**Task prompt:** Each and every line of the data must appear exactly as given.

**Supplied records:**
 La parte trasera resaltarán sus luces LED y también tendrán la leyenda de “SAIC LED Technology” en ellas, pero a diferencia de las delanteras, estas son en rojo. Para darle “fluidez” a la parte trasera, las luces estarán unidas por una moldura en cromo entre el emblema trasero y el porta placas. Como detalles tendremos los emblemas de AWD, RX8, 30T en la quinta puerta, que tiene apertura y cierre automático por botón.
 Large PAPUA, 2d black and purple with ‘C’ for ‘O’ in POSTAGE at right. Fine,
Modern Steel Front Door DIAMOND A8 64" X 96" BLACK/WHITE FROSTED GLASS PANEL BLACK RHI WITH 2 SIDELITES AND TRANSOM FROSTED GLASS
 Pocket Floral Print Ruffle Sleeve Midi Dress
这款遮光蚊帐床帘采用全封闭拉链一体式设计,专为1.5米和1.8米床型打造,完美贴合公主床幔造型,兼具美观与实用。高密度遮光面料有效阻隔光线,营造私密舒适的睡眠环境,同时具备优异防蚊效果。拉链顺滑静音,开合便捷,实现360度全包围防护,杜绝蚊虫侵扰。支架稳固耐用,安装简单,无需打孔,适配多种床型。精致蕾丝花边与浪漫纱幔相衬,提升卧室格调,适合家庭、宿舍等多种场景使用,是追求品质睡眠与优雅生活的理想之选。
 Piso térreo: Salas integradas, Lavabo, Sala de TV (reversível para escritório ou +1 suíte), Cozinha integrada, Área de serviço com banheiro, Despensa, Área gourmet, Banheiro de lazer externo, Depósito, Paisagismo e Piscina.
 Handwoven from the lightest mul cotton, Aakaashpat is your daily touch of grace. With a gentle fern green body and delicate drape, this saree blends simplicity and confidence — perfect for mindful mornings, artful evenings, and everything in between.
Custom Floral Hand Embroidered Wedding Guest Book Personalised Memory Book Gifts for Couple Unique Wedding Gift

**Exercise response:**
 La parte trasera resaltarán sus luces LED y también tendrán la leyenda de “SAIC LED Technology” en ellas, pero a diferencia de las delanteras, estas son en rojo. Para darle “fluidez” a la parte trasera, las luces estarán unidas por una moldura en cromo entre el emblema trasero y el porta placas. Como detalles tendremos los emblemas de AWD, RX8, 30T en la quinta puerta, que tiene apertura y cierre automático por botón.
 Large PAPUA, 2d black and purple with ‘C’ for ‘O’ in POSTAGE at right. Fine,
Modern Steel Front Door DIAMOND A8 64" X 96" BLACK/WHITE FROSTED GLASS PANEL BLACK RHI WITH 2 SIDELITES AND TRANSOM FROSTED GLASS
 Pocket Floral Print Ruffle Sleeve Midi Dress
这款遮光蚊帐床帘采用全封闭拉链一体式设计,专为1.5米和1.8米床型打造,完美贴合公主床幔造型,兼具美观与实用。高密度遮光面料有效阻隔光线,营造私密舒适的睡眠环境,同时具备优异防蚊效果。拉链顺滑静音,开合便捷,实现360度全包围防护,杜绝蚊虫侵扰。支架稳固耐用,安装简单,无需打孔,适配多种床型。精致蕾丝花边与浪漫纱幔相衬,提升卧室格调,适合家庭、宿舍等多种场景使用,是追求品质睡眠与优雅生活的理想之选。
 Piso térreo: Salas integradas, Lavabo, Sala de TV (reversível para escritório ou +1 suíte), Cozinha integrada, Área de serviço com banheiro, Despensa, Área gourmet, Banheiro de lazer externo, Depósito, Paisagismo e Piscina.
 Handwoven from the lightest mul cotton, Aakaashpat is your daily touch of grace. With a gentle fern green body and delicate drape, this saree blends simplicity and confidence — perfect for mindful mornings, artful evenings, and everything in between.
Custom Floral Hand Embroidered Wedding Guest Book Personalised Memory Book Gifts for Couple Unique Wedding Gift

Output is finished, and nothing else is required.